Don't forget the `pw.run()`

otherwise no computation will be done!
Once `pw.run()`

is called, the computation will be run forever until it gets killed.

And the `generating_kafka_stream.py`

:

generating_kafka_stream.py

```
from kafka import KafkaProducer
import time
import random
topic = "linear-regression"
random.seed(0)
def get_value(i):
return i + (2 * random.random() - 1)/10
producer = KafkaProducer(
bootstrap_servers=["server-address:9092"],
sasl_mechanism="SCRAM-SHA-256",
security_protocol="SASL_SSL",
sasl_plain_username="username",
sasl_plain_password="********",
)
producer.send(topic, ("x,y").encode("utf-8"), partition=0)
time.sleep(5)
for i in range(10):
time.sleep(1)
producer.send(
topic, (str(i) + "," + str(get_value(i))).encode("utf-8"), partition=0
)
producer.close()
```

There are two outputs in this project: the CSV file `regression_input.csv`

which keeps all the updates received from Kafka and the CSV file `output_stream.csv`

in which all the successive updates of the sum values are displayed.

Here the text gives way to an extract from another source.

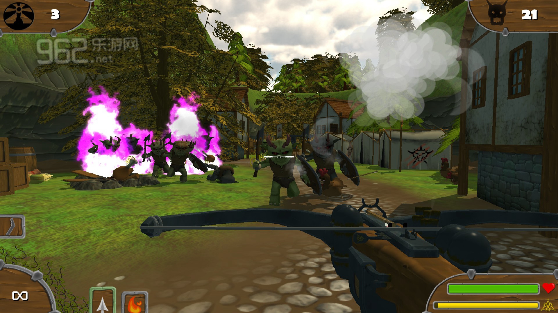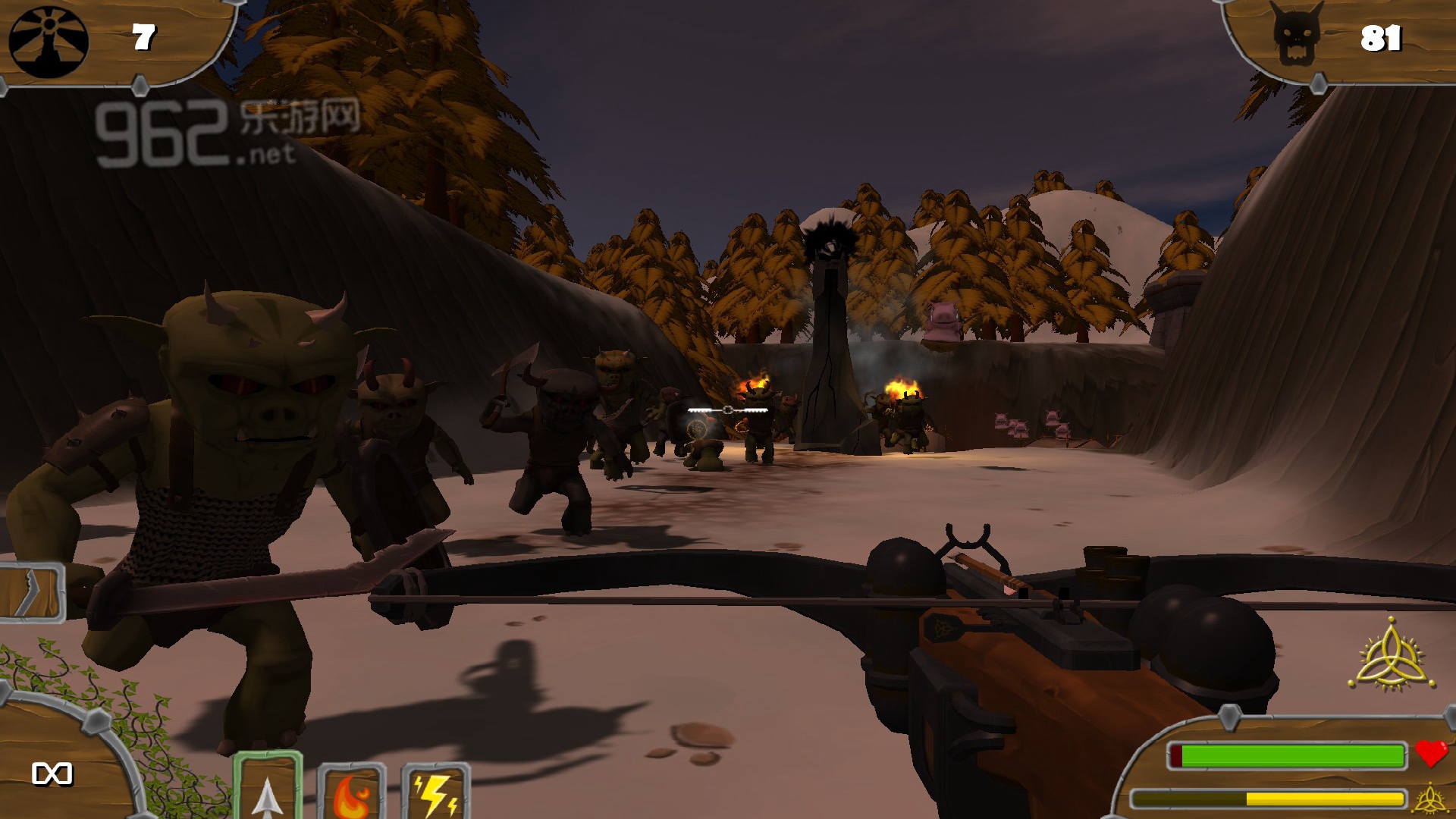 武器:弩,这是猎人的唯一武器,杀死不守规矩的兽人可以获得经验并进行升级。

As in our previous example, the outputs are tables of changes. Each new message of Kafka triggers a new computation and the new values are output in the CSV files!

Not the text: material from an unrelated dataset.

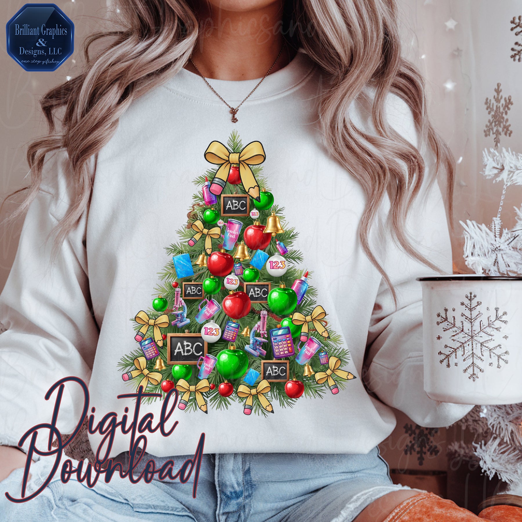 ✨ Teacher-Themed Christmas Tree PNG | Cute Classroom Christmas Clipart | Holiday Teacher Sublimation Design | Digital Download ✨

First, we can check that the generated values are correct:

```
x,y,time,diff
"0","0.06888437030500963",0,1
"1","1.0515908805880605",1,1
"2","1.984114316166169",2,1
"3","2.9517833500585926",3,1
"4","4.002254944273722",4,1
"5","4.980986827490083",5,1
"6","6.056759717806955",6,1
"7","6.9606625452157855",7,1
"8","7.995319390830471",8,1
"9","9.016676407891007",9,1
```

We obtain ten values which are sampled around the $y=x$ line. Let's check the regression we obtain:

```
a,b,time,diff
0,0,0,1
0,0,1,-1
0.06888437030500971,0.9827065102830508,1,1
0.06888437030500971,0.9827065102830508,2,-1
0.07724821608916699,0.9576149729305795,2,1
0.0769101730536299,0.9581220374838857,3,1
0.07724821608916699,0.9576149729305795,3,-1
0.05833884879671927,0.9766933617407955,4,1
0.0769101730536299,0.9581220374838857,4,-1
0.05087576879874134,0.9822906717392795,5,1
0.05833884879671927,0.9766933617407955,5,-1
0.03085078333935821,0.9943056630149089,6,1
0.05087576879874134,0.9822906717392795,6,-1
0.03085078333935821,0.9943056630149089,7,-1
0.03590542987734715,0.9917783397459139,7,1
0.03198741430177742,0.9934574892783012,8,1
0.03590542987734715,0.9917783397459139,8,-1
0.025649728471303895,0.9958341214647295,9,1
0.03198741430177742,0.9934574892783012,9,-1
```

We obtain close value to what we expect ($a=0$ and $b=1$). You can play the values (number of samples, error, linear function to approximate etc.) to see how the algorithm reacts.

Congrats, you are now able to use Pathway with Kafka and do some non-trivial computation!

Why not try to do some more advanced computation such as linear regression with several explanatory variables? Or you may want to do some classification?